For all genetic models in both parental and unaffected sibling genotype data population substructure pushes the HWD coefficients in the positive direction. When the allele frequency ratio between the two populations is 0.9 the effect is not dramatic (suppl. fig. 3; suppl. table 5, 6). However, when the ratio is decreased to 0.8, the substructure effect subjugated the genetic effect and the maximum deviation for the HWD coefficient went from negative to positive values, with the exception of the recessive model for the unaffected sibling genotype data where the HWD coefficient was already positive (suppl. fig. 3; suppl. table 5, 6). For example, for a dominant model in the parental genotype data the maximum deviation from HWE changed from −0.00086 to 0.00535 for an allele frequency ratio of 0.8 and the maximum power to detect a deviation from HWE increased from 4.67 × 10−7 to 0.93 (suppl. table 5, 6). For allele frequency ratio of 0.6 and allele frequencies >0.8 in population 2, the population substructure effect is so large that the power is close to 1 to detect a deviation from HWE (suppl. table 6). The HWD coefficients and the maximum power of rejecting HWE for other genetic models in both parental and unaffected sibling genotype data in the presence of population substructure are shown in supplemental tables 5 and 6.

Discussion

The family-based association study design is popular, since it allows for control of population admixture/substructure by using the non-transmitted parental alleles as control alleles. For family-based studies, genotype data from unrelated individuals are usually unavailable to evaluate deviations from HWE. Therefore it is common practice to carry out genotype quality control by testing for deviations from HWE using the parental or unaffected sibling genotype data. When trio data are used in association studies, parents which are included in the analysis are not phenotyped and can be either unaffected or affected for the trait understudy. Even when parents of affected probands are truly unaffected they have a higher probability than the general population of being susceptibility loci carriers. For fixed trait prevalence this probability increases with increasing genotypic RR. For family-based studies unaffected siblings are especially useful when parental data are missing. For case-control studies unaffected siblings are not commonly used as controls due to the reduction in power compared to when unrelated controls are analyzed. An exception is in the study of dizygote twins, where the unaffected co-twin is employed as a control. The advantage of this design is that the cases and controls are matched on environmental factors, since co-twins share many environmental and intrauterine exposures.

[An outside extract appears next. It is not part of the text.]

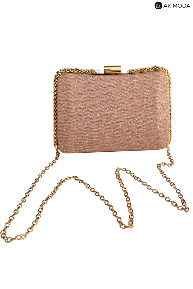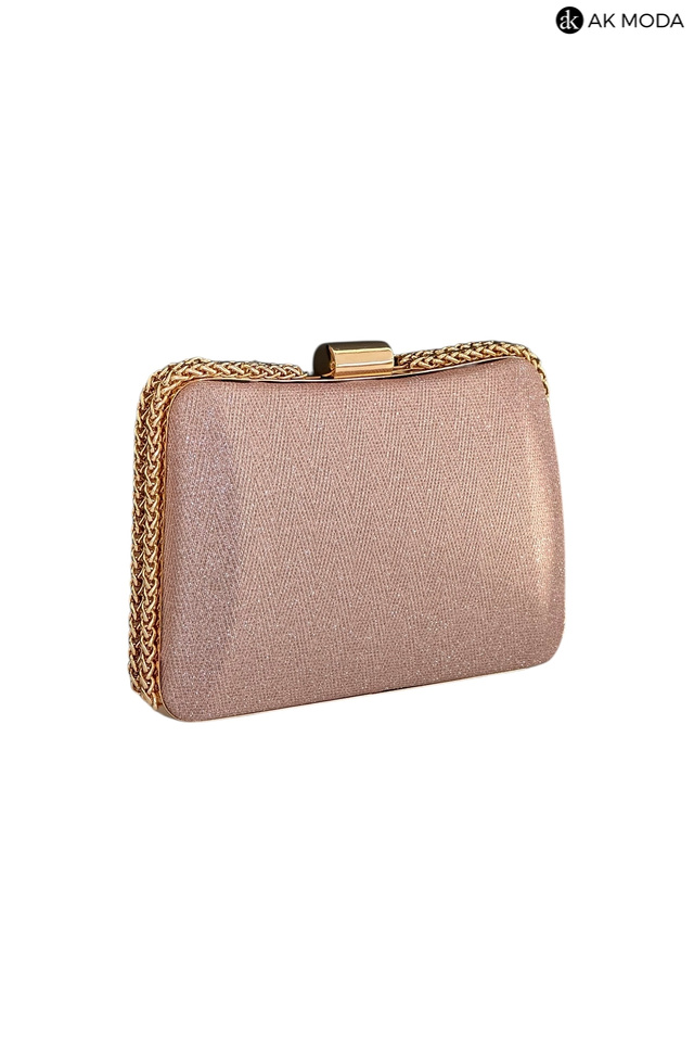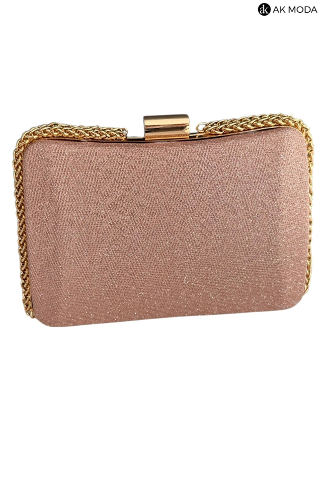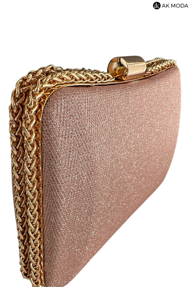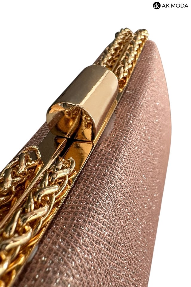 Elegancka torebka typu puzderko w kolorze różowym z zapięciem na zatrzask. Torebka posiada odpinany długi oraz krótki łańcuszek, dzięki czemu można ją nosić zarówno w dłoni, jak i na ramieniu. Puzderko wykonane z brokatowego, fakturowanego materiału.

For most current genome-wide association studies, a large sample and a small α value are used (i.e. ≤1 × 10−7) to have adequate power to detect associations and guard against false positive results due to multiple testing. However even for studies with thousands of study subjects for low genotypic RR (≤1.2) these studies are often underpowered for genome-wide significance levels. In this study we used a small α value i.e. 1 × 10−7 and a large sample size i.e. 5,000 trios. This sample size was selected for sufficient power to detect an association for a large variety of genotypic RRs and allele frequencies.

Although testing for deviations from HWE in genotype data from controls or unaffected family members is often used as quality control to detect markers with genotyping error, deviation from HWE can be also be caused by other factors. In this study it is demonstrated that family ascertainment can also cause deviations from HWE in the genotype data of parents and unaffected siblings at the disease/trait susceptibility locus. Two measures are calculated: the HWD coefficientand the power to reject the null hypothesis of HWE. It is shown that detection of deviation from HWE due to a true association is negligible for a sample of 5,000 trios at α level of 1 × 10−7. The power will vary depending on sample size and α levels for a specific HWD coefficient and allele frequency. The genotypic RR also plays an important role in the strength of deviation from HWE, with higher genotypic RRs causing larger deviations of the HWD coefficient from 0. For the parental genotype data for 5,000 trios, under a multiplicative model for an allele frequency of 0.45 and a genotypic RR of 1.5, the power is 8.3 × 10−6 for an α level of 1 × 10−7 and increases to 0.175 for an α level of 0.05. Likewise it can be seen that the sample size has an effect on power for the same example using an α level of 1 × 10−7; the power is 5.6 × 10−7 for 1,000 trios and increases to 5.15 × 10−5 for 10,000 trios.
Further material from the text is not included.